Moms: Do You Encourage Your Son To Put His Wife First?

When you gave birth to your son, you knew that he would be the love of your life.  You fell in love with him each day as he learned how to crawl, walk, run, and talk.  You love bedtime when your son cuddles next to you reading his favorite bedtime story.  Your son comes to you when he’s hurt and when he’s happy.  You are his best confidant.  It feels good to be needed.

Then one day, when he’s older, he’ll start becoming interested in girls.  You think to yourself that these ‘girls’ are just a fling and the only one that will have his heart is you, so you’re not sweating it.  You see your son slipping away from your arms but you are still in hands reach.  These girls shall pass and you’ll be right there if they break his heart or he moves on to the next.  You’re still his number one girl.
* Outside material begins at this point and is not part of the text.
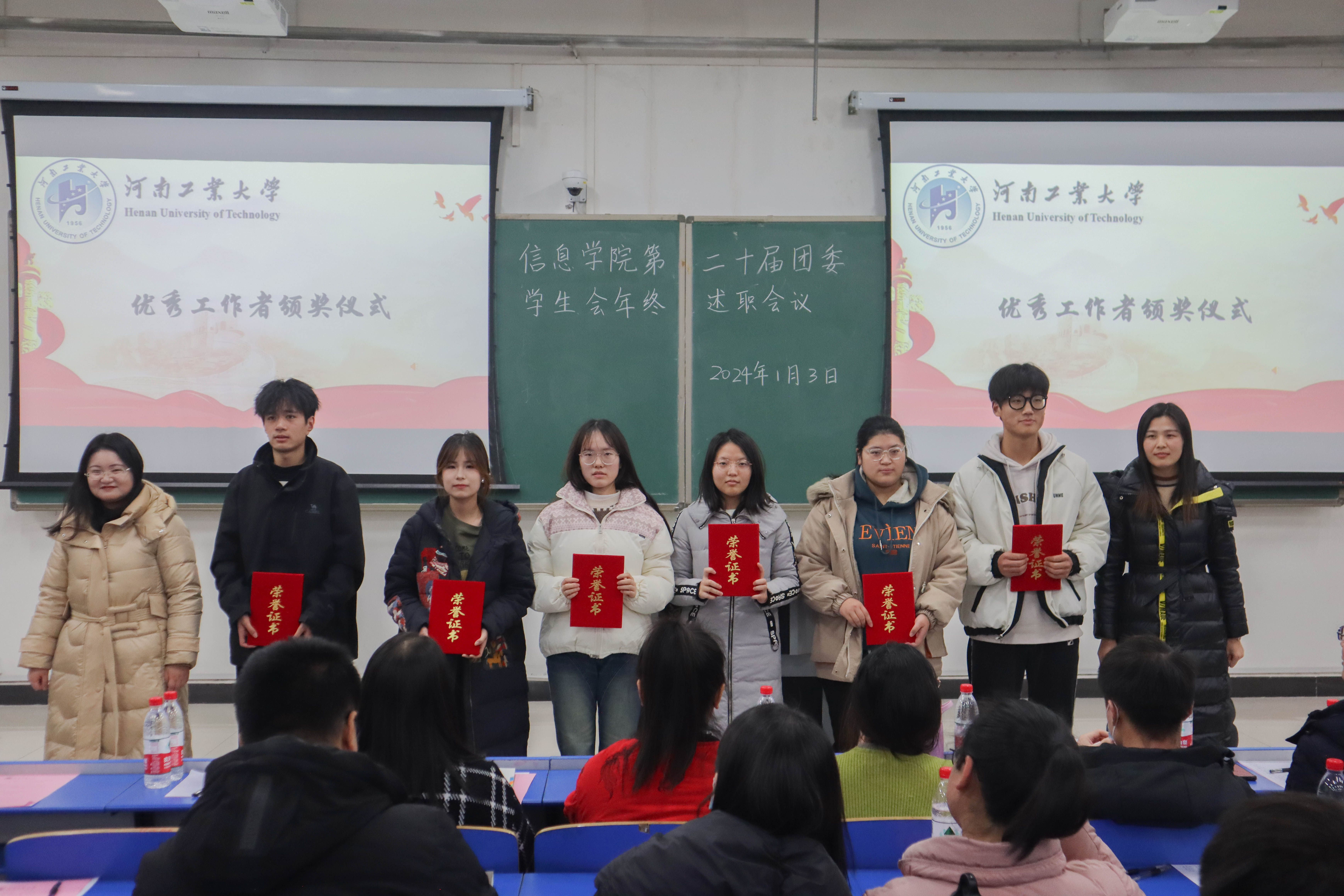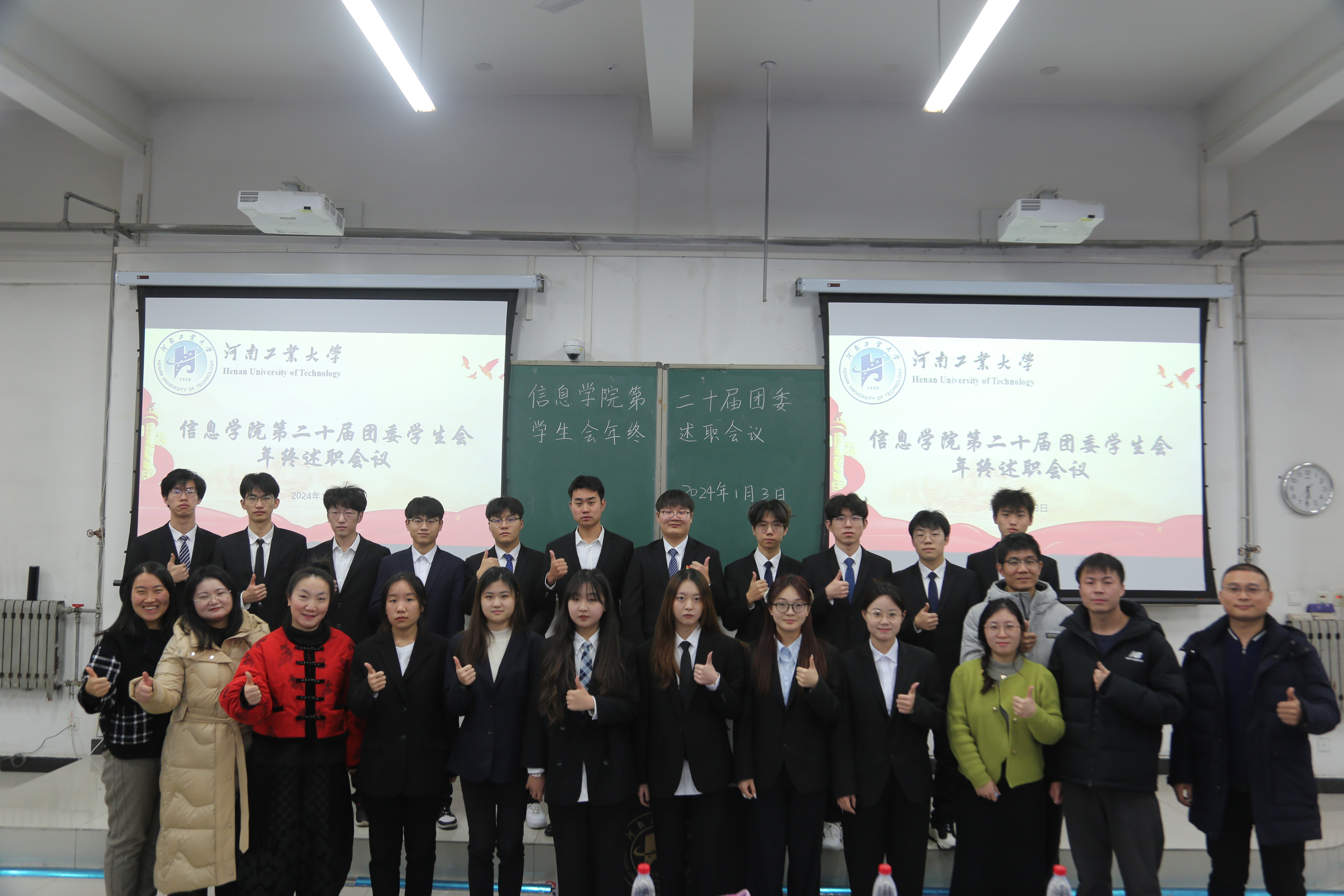 在3135召开第二十届团委学生会年终述职大会暨“青马工程”团学骨干培训班。校正处级组织员鲍庆丹、学院团委书记刘磊、学工办副主任崔莉莎、全体辅导员、第二十届团委学生会成员以及23级学生干部参加本次会议,会议由第二十届团委学生会文策部部长张海榕主持。

Fast forward ten to fifteen years later.  Your son meets the woman of his dreams.  She’s kind, thoughtful, hard working, and the most humorous person you’ve ever met.  You can’t believe how this woman has your son wrapped around her finger…so tightly.  Although it’s great that someone is making your son happy, however, the thought of another woman coming between you and your son scares you.  You see your son slipping away from your hands and into the arms of another woman…a younger woman.  Not only does she have his heart, your son announces to everyone that they got engaged.

Your world as a mother has scattered.  “What would happen on holidays,” you question yourself.  “Will I still get to see him every year as usual or will he go to her parent’s house?” “What happens if they have kids?  Will I get to see the grand kids as often as I like?” “Can I come by as often as I like to see my son?” “What if my future daughter in law keeps my son away from me completely?”  These thoughts of another woman ‘controlling’ your son scares you, too. How can you compete with a younger, prettier, outspoken woman like her?  How can you win your son from this woman?  Do you even try?

Some mothers would try to have a say or have control in their son’s life and compete for their son attention and affection when they get married. Maybe because the mother feels that they don’t have a place in their son’s life anymore and would try to make their presents known. The mother will try by changing the way the kitchens organized in her son’s home, or disobeying how the wife wants her kids raised by thinking she ‘knows’ better, or dropping by without notice despite the disapproval vocalized by their daughter in laws.  The daughter in law voices her concern with her husband (your son) in how her mother in law (you) treats her.  Your son loves you and his wife and don’t want to hurt you and feels loyalty to both.  What can he do?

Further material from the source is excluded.